Data Pipeline — Replicate data from MySQL to Snowflake with AWS Kinesis, Binlog Streamer Python Library & Snowpipe

Shreyas MS
18 min readJul 26, 2023

--

In this post we will see how to replicate the data automatically from MySQL (OLTP) database to Snowflake (OLAP) Cloud Data-Warehouse whenever there are some data changes happened in the source database (OLTP).

This article is little lengthy because I tried to explain each and every steps in detail. So please bear with me.

We will use below services to achieve the replication process.

  • MySQL Relational Database
  • Amazon EC2 Machine with Binlog Streamer Python Library & Tmux
  • Amazon Kinesis Data Streams & Firehouse for Streaming the data.
  • Amazon S3 to store the CDC log files.
  • Snowflake Snow-Pipe to load the data into Snowflake Tables
  • Snowflake Dynamic Tables to load the changed data.

Steps followed to achieve the replication:

  1. Create an Parameter Group, spin up the MySQL RDS Database & test the connection using IDE.
  2. Create an Amazon Kinesis Data Stream & Firehouse.
  3. Create an IAM Role & Amazon Ec2 machine.
  4. Install the required libraries on the Amazon Ec2 machine.
  5. Replicate CDC log files (JSON Format) from Data Lake (AWS S3) to Snowflake Tables.

Pre-requisites

This article assumes that the following objects are already configured:

— AWS & Snowflake account.

Basic Knowledge on SQL, Python & Shell Scripting

Step 1 → Create an Parameter Group, spin up the MySQL RDS Database & test the connection using IDE.
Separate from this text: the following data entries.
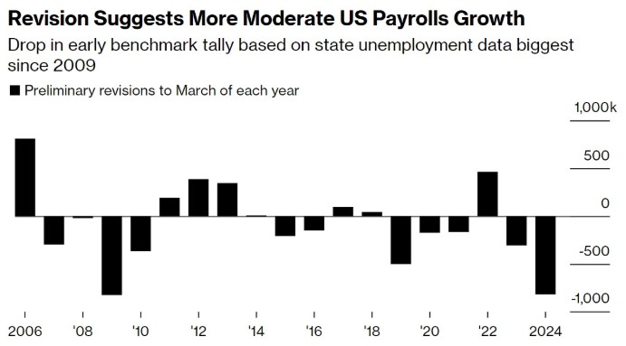 但现在情况可能正在改变。随着美国消费支出亮起黄灯,消费者支出背后重要的支撑——美国就业市场——也出现了放缓迹象。美国劳工统计局周三宣布,在截至 2024 年 3 月的 12 个月内,非农就业数据初步下修 81.8 万人。美国就业增长可能远不如之前报告的那么强劲,这给美联储下个月降息带来理由。
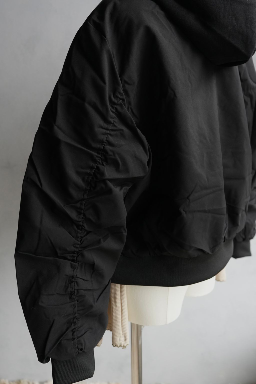 [C] 中短版假兩件式拼接飛行外套|黑灰
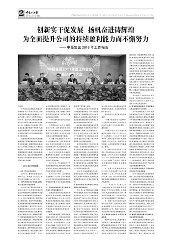 今天我们在这里集会,隆重召开中曼集团2017年度工作会议,并对各单位涌现出来的先进集体和个人进行表彰,具有十分特殊的意义。2016年,是公司大力推行改革创新的一年,也是在逆境中取得巨大突破的一年。在国际油气行业低迷、同行企业业绩大幅下滑的不利形势下,我们全年的营业收入、市场开发和盈利水平超出预期,为公司的跨越发展迎来了新的机遇.

Lets create an new RDS Parameter Group & modify the “binlog_format” parameter.
The binary log is a set of log files which contain information about the data modifications made to MySQL Server.
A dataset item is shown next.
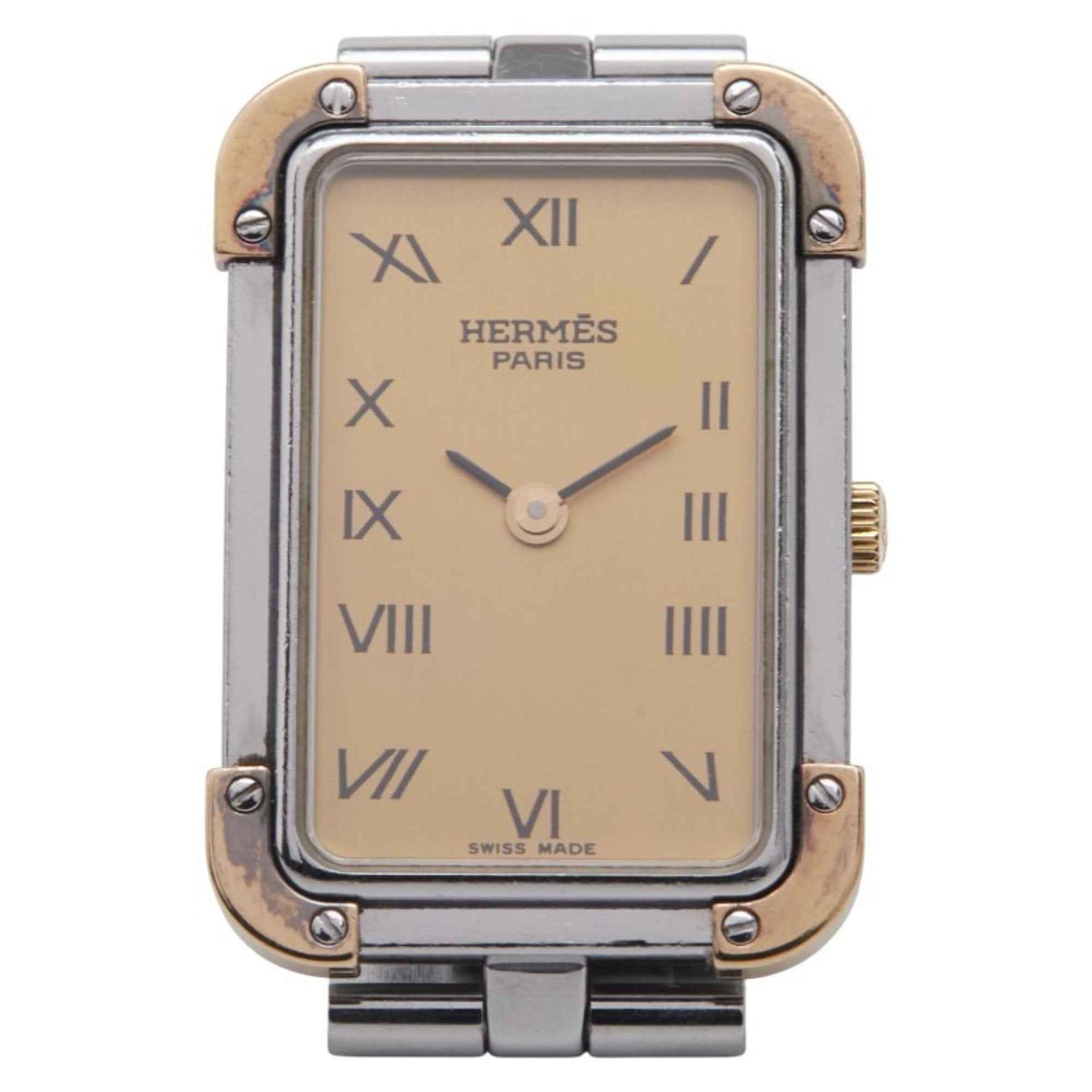 Hermès Cloiseur Watch CR1.220 Quartz Gold Dial Stainless Steel Plated Women\'s HERMES

— In the AWS console, navigate to Amazon RDS click on parameter groups & create the new parameter group as shown below.

— Open that Parameter Group, search for “bilog_format” parameter, edit it & change the values to ROW, to track all the row level changes and save it.

Lets create the Amazon RDS MySQL database. While creating it we should consider the new Parameter Group which we created & also we should enable the automated backup retention with out fail.

— In the AWS console, navigate to Amazon RDS & click on the Create Database & spin-up the MySQL database with default configurations and just modify the few configurations as show below. For more details about creating the RDS MySQL database click here.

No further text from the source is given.